Infine, di fronte alla domanda su quale regolamentazione sarebbe necessaria per condurre la ricerca in neuroetica, la risposta data dai ricercatori è stata quella di fare appello all'etica delle neuroscienze; vale a dire, ricorrere all'etica del lavoro svolto dai neuroscienziati: la nozione di capacità, espressione libera e volontaria del consenso informato, rispetto della dignità e integrità dei soggetti di ricerca, ecc.

Problemi e sfide future

Gli attuali problemi della neuroetica possono essere posti in due grandi categorie: quelli relativi ai progressi tecnici delle neuroscienze, cioè le implicazioni dello sviluppo di tecniche di neuroimaging, psicofarmacologia, impianti cerebrali o interfaccia cervello-macchina; e quelli relativi alla filosofia e alla comprensione delle basi neurobiologiche della coscienza, della personalità o del comportamento umano.

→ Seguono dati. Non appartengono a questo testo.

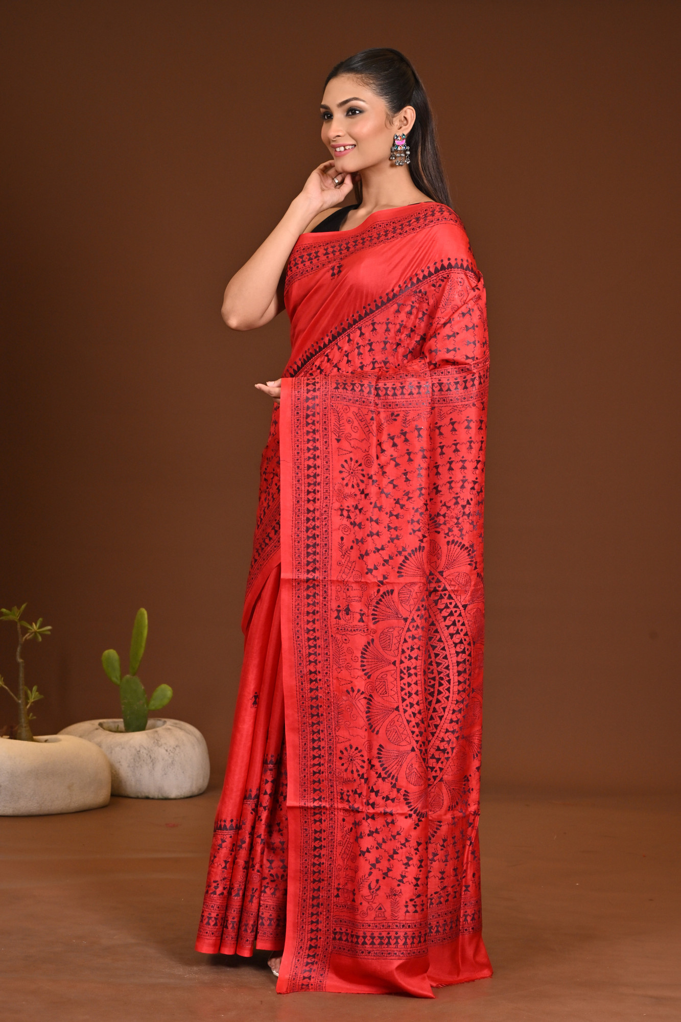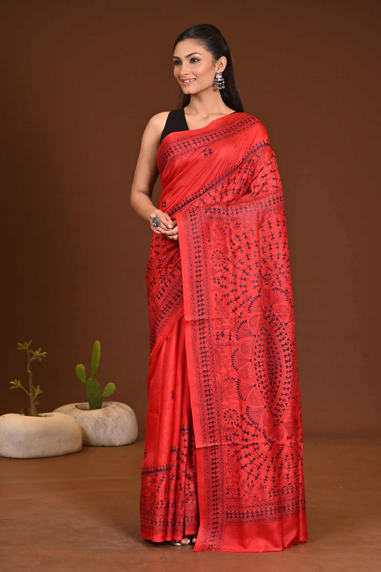 Zari : A pure silk Kantha saree is a luxurious handwoven saree made entirely from high-quality silk, featuring the traditional Kantha embroidery from Bengal. Known for its rich texture and natural sheen, the saree is adorned with intricate, hand-stitched patterns—often floral, folk, or narrative designs—created using fine running stitches. Elegant and timeless, it’s a perfect blend of heritage craftsmanship and sophistication, ideal for special occasions.

Negli ultimi anni, la ricerca psicofarmacologica ha investito ingenti somme di denaro nei farmaci destinato al trattamento dei disturbi cognitivi, e più specificamente dei disturbi dell'attenzione e della memoria. Farmaci come il metilfenidato e il suo utilizzo per i disturbi da deficit di attenzione; o ampakina, che promuove meccanismi di potenziamento a lungo termine, migliorando le prestazioni nei test di memoria in soggetti sani, sono solo alcuni esempi.

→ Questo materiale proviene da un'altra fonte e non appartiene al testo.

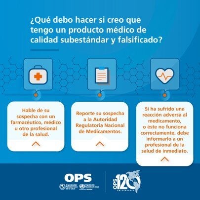 Diapositiva para redes sociales - ¿Qué debo hacer si creo que tengo un producto medico de calidad subestandar y falsificado? Más información:Toolkit - Vigilancia y Control de Mercado de Productos Médicos Subestándar y Falsificados |

Questo aumento del consumo di droga, soprattutto nei soggetti sani, solleva diverse questioni etiche come le seguenti:

Problemi di salute: non sono noti effetti avversi a medio e lungo termine in soggetti sani.

Conseguenze sociali: vengono sollevate domande relative a come l'uso di questi farmaci potrebbe influenzare le relazioni o in quale situazione si trovano gli individui che non li consumano, rispetto a quelli che lo fanno, in termini di classe o disuguaglianza. E sembra chiaro che in contesti altamente competitivi e stressanti, la libertà di non consumarli sarebbe relativa.

Implicazioni filosofiche: l'uso di questi farmaci mette in discussione e altera la visione che abbiamo di concetti come lo sforzo personale, l'autonomia o la capacità di migliorare. È etico migliorare rapidamente e artificialmente le capacità cognitive?

D'altra parte, i progressi nella comprensione delle basi neurobiologiche del comportamento sociale, della moralità o del processo decisionale, hanno implicazioni dirette nel nostro modo di concepire le nozioni della nostra vita, come la responsabilità personale o l'imputabilità di una persona, aspetti chiave per la neuroetica.

In futuro, questa disciplina continuerà a discutere questioni rilevanti, come ad esempio: possiamo giudicare un adolescente allo stesso modo per un delitto commesso se sappiamo che alla sua età non ci sono ancora le basi neurobiologiche del ragionamento morale installato? Se il libero arbitrio è solo un'illusione cognitiva e non esiste in quanto tale, ha senso che le persone siano imputabili? Dovremmo mettere barriere alla ricerca e alla manipolazione del cervello? Domande che ancora oggi non hanno una risposta chiara.

Riferimenti bibliografici:

  • E cofano Neuroetica pratica. Bilbao: Desclee de Brouwer; 2010.
  • Tenda, A. (2010): "Neuroetica: le basi cerebrali di un'etica universale con rilevanza politica?", in Isegoría, nº 42, 129-148.
  • Farah MJ. Neuroetica: la pratica e la filosofica. Tendenze Cogn Sci 2005; 9 (1): 34-40.